Below is a graphical representation of the cross sections for photons with energy between 1.0 keV and 1000 MeV interacting with lead. Note that at different energies different processes dominate. At lower energy, the dominant process is photoelectric absorption. Around 1.0 MeV, however, incoherent scattering begins to dominate. (Incoherent scattering is Compton scattering, in which the wavelength of the photon changes during the scattering event. Coherent scattering is when the photon scatters without changing its wavelength. This occurs, for example, when the photon scatters off of the nucleus. Note that if you substitute the nuclear mass into the Compton formula, you would find that the wavelength of the photon does not change.) Finally, above about 10 MeV pair production involving the nucleus dominates. Pair production can also occur with the electron “absorbing” the necessary momentum but this is much less likely.

Consider the problem below:

1.0 MeV photons are incident on a thick lead ($$\rho$$ = 11.34 g/cm$$^3$$) slab.

a. If the slab is 1.0 cm thick, what percentage of the photons will undergo the photoelectric effect?

b. What thickness of lead is needed to stop 95% of the photons?
c. What thickness of lead is needed to stop or scatter 95% of the photons?

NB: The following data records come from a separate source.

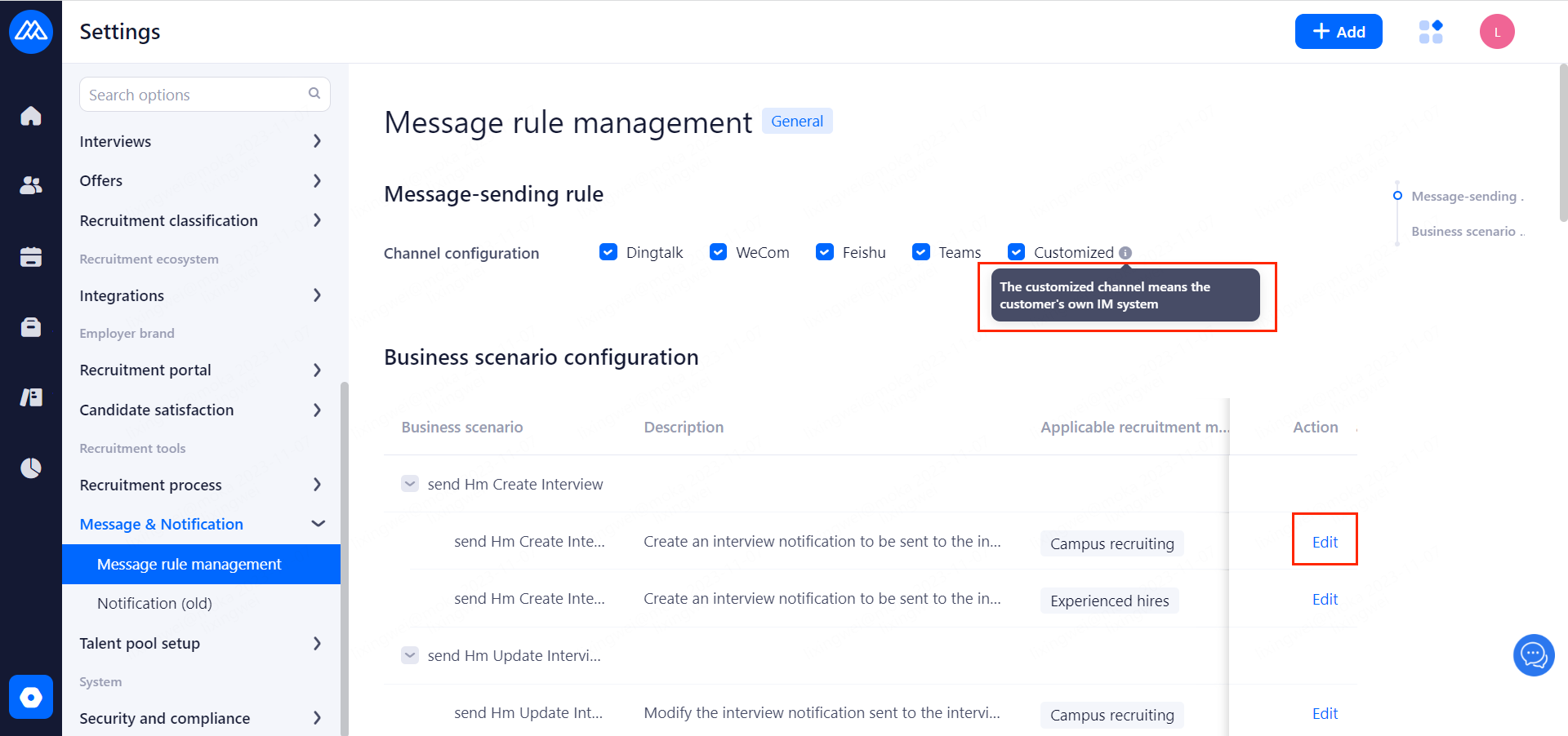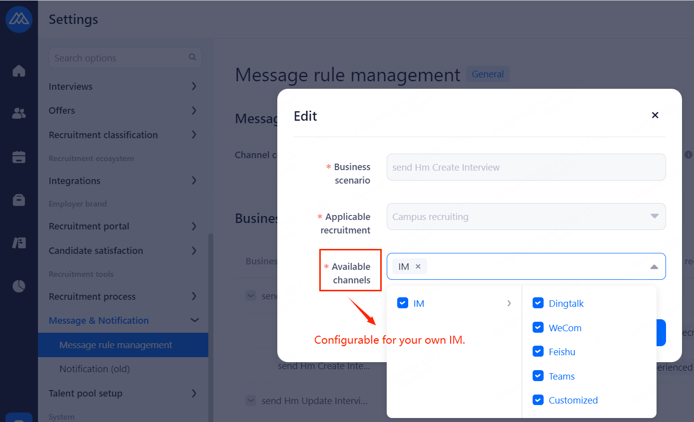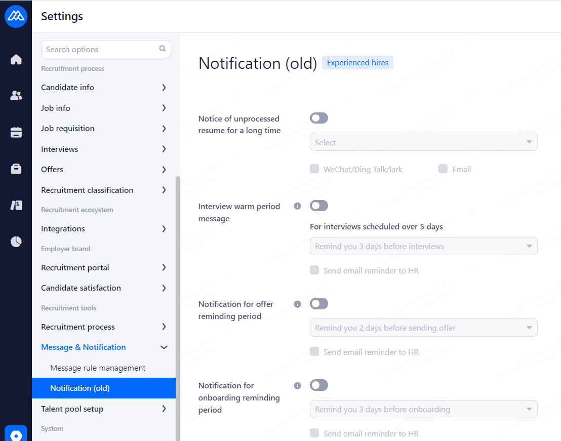 WeChat/Ding Talk/lark: Notify HR via WeChat、DingTalk and Lark when processing candidates status changed. Enable the service to use otherwise use email.
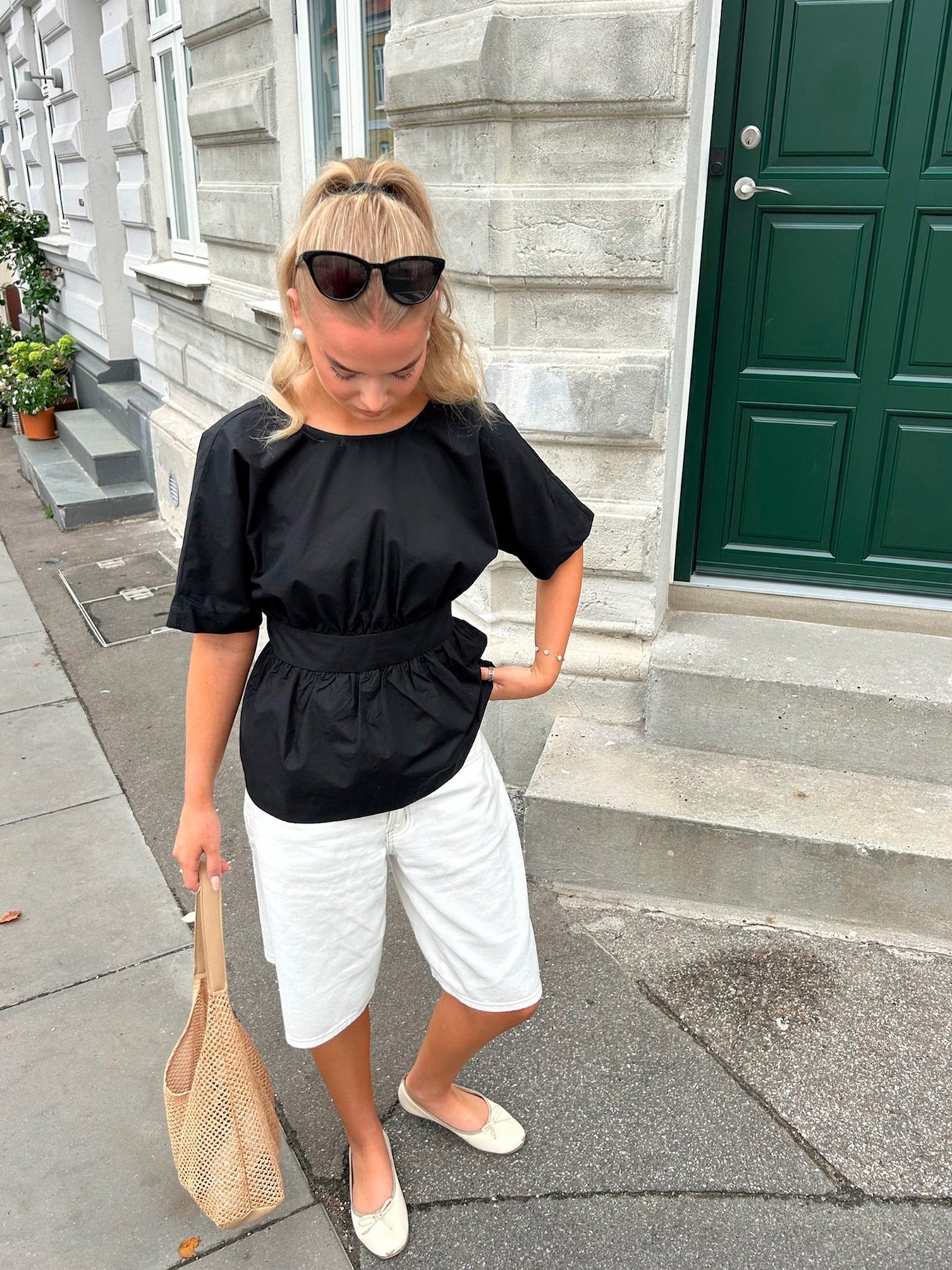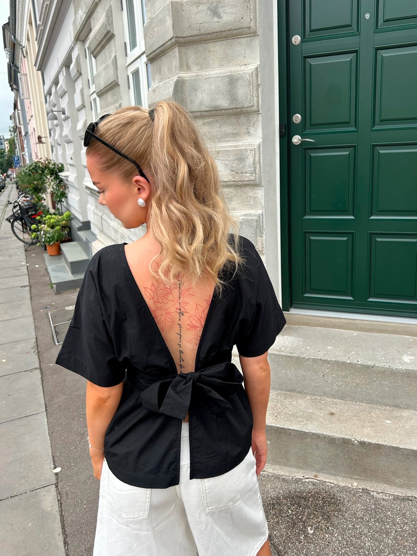 Enkel foran – overraskende bagpå. Denne top har et klassisk snit med rund hals og korte ærmer, mens ryggen er åben og bindes med en stor, feminin sløjfe i taljen. Det bløde materiale og den let markerede talje giver en flatterende pasform og en behagelig fornemmelse.
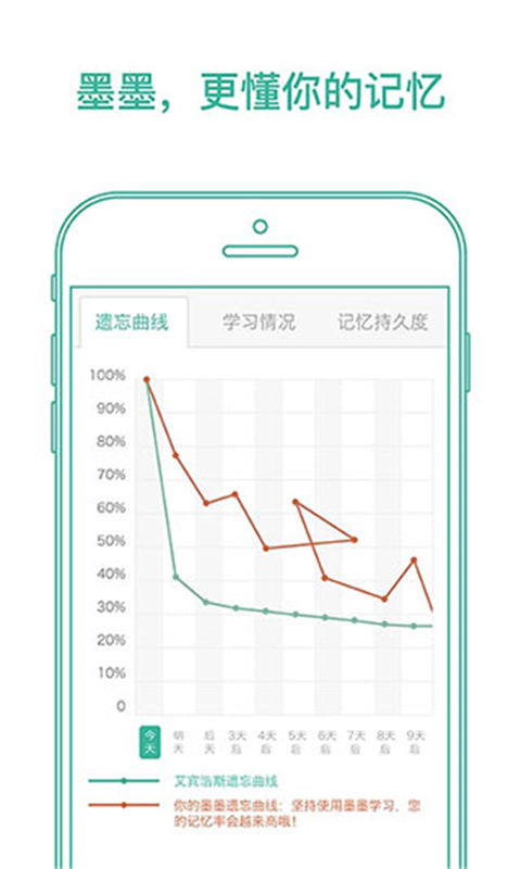 墨墨背单词基于 1200 多亿条用户记忆行为数据,结合你的每次记忆反馈,识别你的记忆持久度,分析你的遗忘曲线,精准定位你对每个单词的遗忘临界点,动态调整复习规划,帮你高效规划海量词汇记忆。
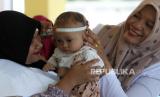 REPUBLIKA.CO.ID, BANDA ACEH -- Petugas dinas kesehatan mengukur besar kepala bayi pada aksi timbang serentak untuk pencegahan stunting di gampong (desa) Pande, Banda Aceh, Aceh, Rabu (2/8/2023).
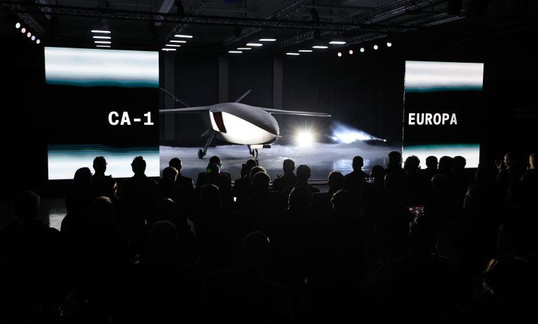 Vezetőkép: A CA-1 Europa új harci drón bemutatója a bajorországi Tussenhausenben 2025. szeptember 25-én. Az MI-technológiára specializálódott német fegyvergyártó vállalat, a Helsing a négytonnás tanulmánydrónt európai partnercégekkel kívánja továbbfejleszteni, hogy 2027-ben röpképes legyen, négy éven belül pedig elkezdődhessék a sorozatgyártása. Fotó: MTI/EPA/Szilágyi Anna
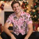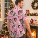 Accueil / Chemise Hawaïenne Personnalisée Avec Photo, Motif Flamant Rose Et Flocons De Neige De Noël, Ornée De Jolis Éléments Festifs
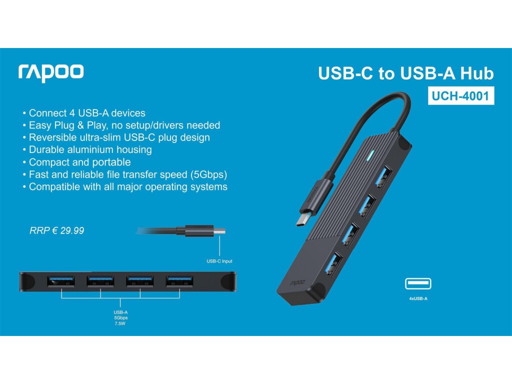 Toto praktické příslušenství od Rapoo musí mít každý, kdo potřebuje používat svá zařízení USB Type-A na svém notebooku USB-C. UCH-4001 umožňuje přidat čtyři porty USB-A a rychle připojit až 4 standardní USB zařízení.
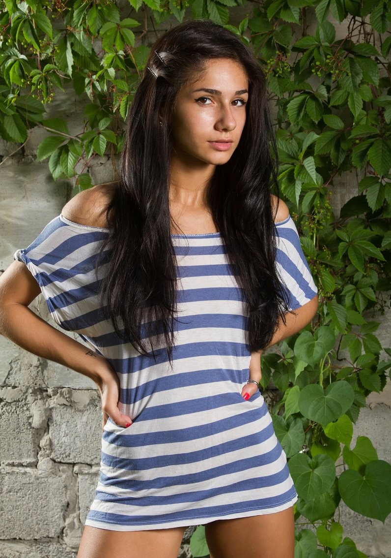 Красотка снимает тунику чтобы порелаксировать на залднем дворе дома
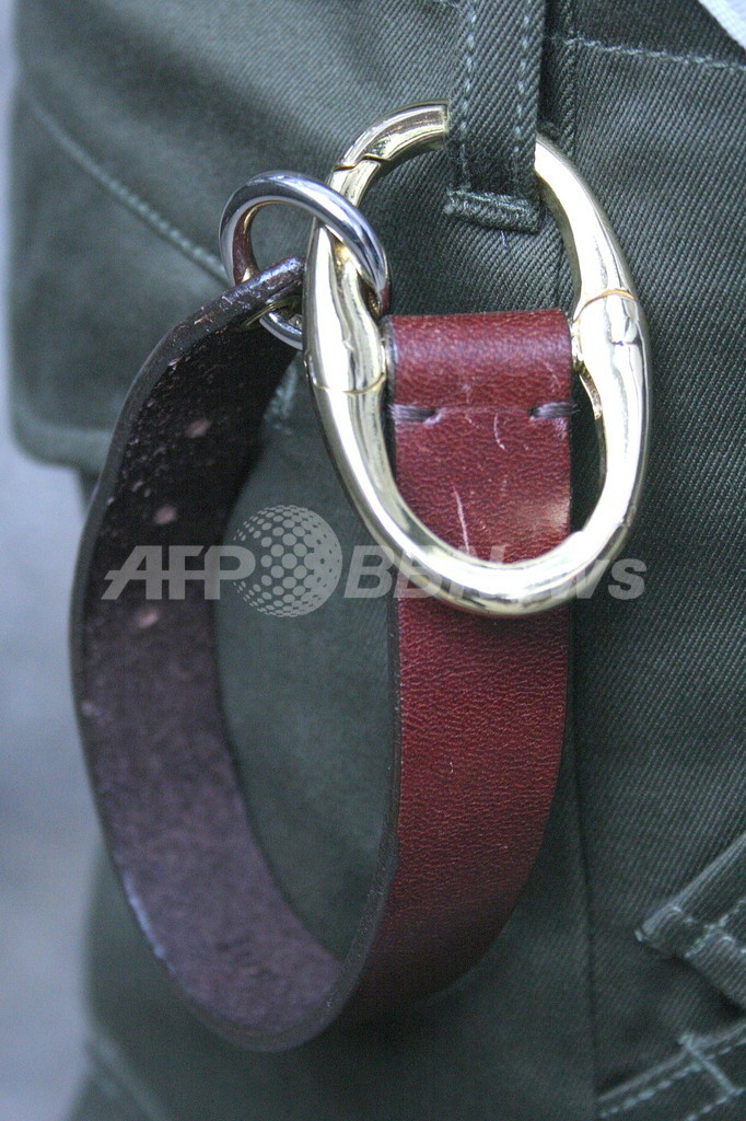 レザーブレスレットは、パンツのベルトループにかけるとキーホルダー、シャツホルダーとしても使える便利な3ウェイ・アイテムになっています。(c)MODE PRESS
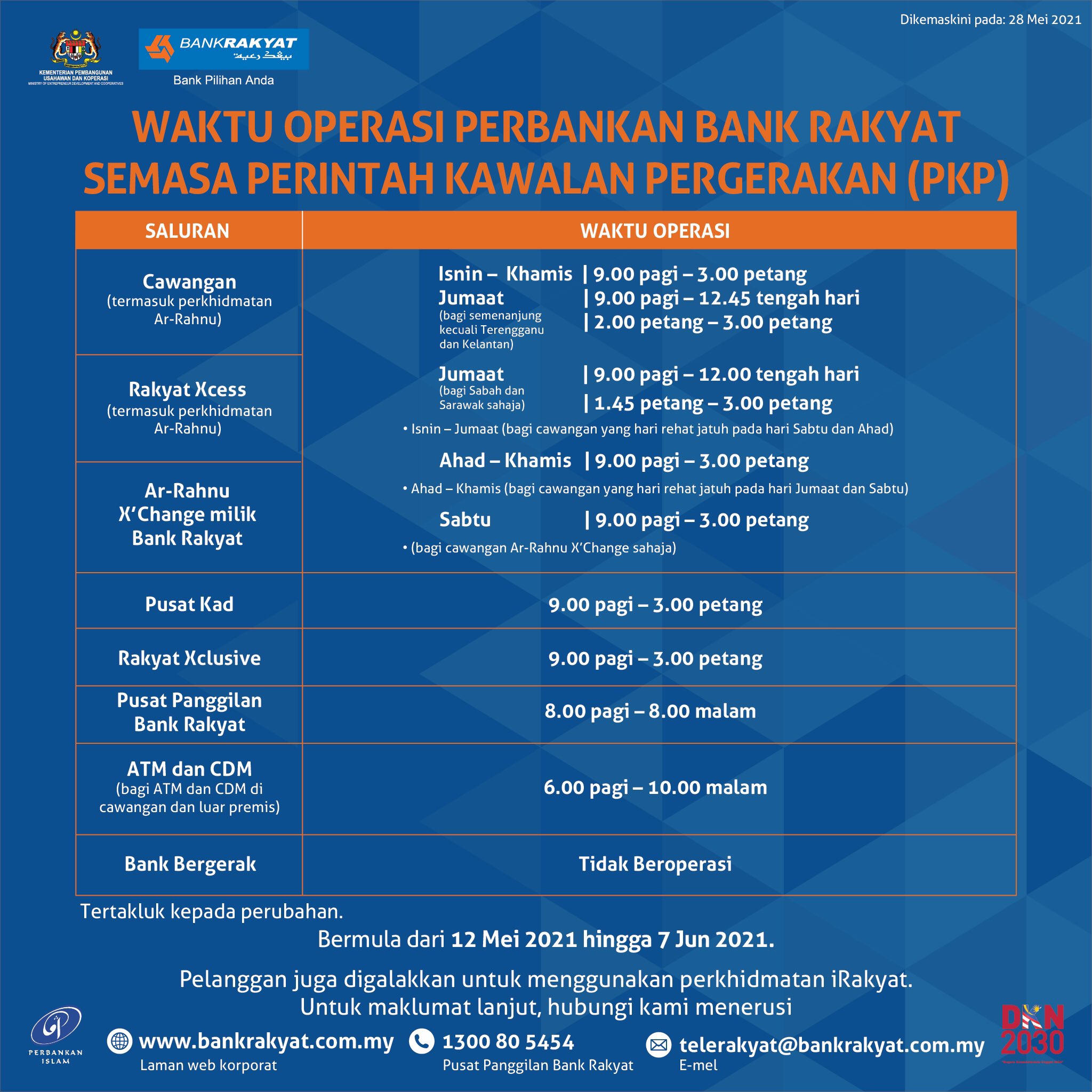 Bank Rakyat Sebagai Rujukan Berikut Adalah Waktu Operasi Kemudahan Perbankan Bankrakyat Mohon Kerjasama Seluruh Rakyat Malaysia Mengawal Pergerakan Anda Bagi Mengelak Penyebaran Covid19 Yourbankofchoice Bankrakyat25 Medacmalaysia Dkn2030
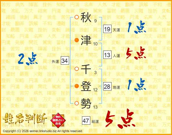 秋(9画)津(10画) 千(3画)登(12画)勢(13画)
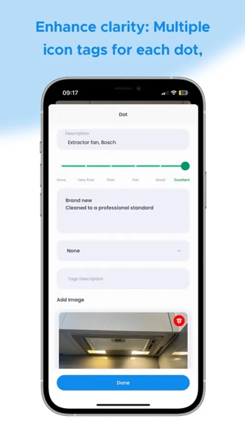 2. Add annotated Dots to areas of concern or describe an item: Highlight areas of concern and provide detailed descriptions by adding annotated Dots directly onto the app.

Since the first question concerns just the photoelectric effect, we need the photoelectric effect cross section at 1.0 MeV. From the website, $$\sigma$$ photoelectric = $$1.81 x 10^{-2}$$ cm2/g. Thus,
$N_{photons}(x) = N_0e^{\sigma\rho x}$

$N_{photons} = N_0 e^{-(.0181)(11.34)(1)}$

$N_{photons} = N_0(0.814)$
If 81.4 percent of the photons have not undergone the photoelectric effect, then 18.6% of them have.

Normally, photons can be “stopped” by either absorption (photoelectric effect) or pair production. Since 1.0 MeV is too low an energy for pair production, the only stopping mechanism is the photoelectric effect. Thus,
$N_{photons}(x)=N_0e^{\sigma \rho x}$

$\frac{N_{photons}}{N_0}=e^{-(.0181)(11.34)x}$

$0.05 = e^{-0.205x}$

$\ln(0.05) = -0.205 x$

$x =14.6 \text{ cm}$

The cross section for stopping and scattering is the total cross section at 1.0 MeV, (\sigma\)total = 7.1 x 10-2 cm2/g. Thus,

$N_{photons}(x)=N_0e^{\sigma \rho x}$

$\frac{N_{photons}}{N_0}=e^{-(.071)(11.34)x}$

$0.05 = e^{-0.805x}$

$\ln(0.05) = -0.805 x$

$x =3.72 \text{ cm}$

The decrease in beam intensity due to both absorption and scattering is referred to as the attenuation of the beam.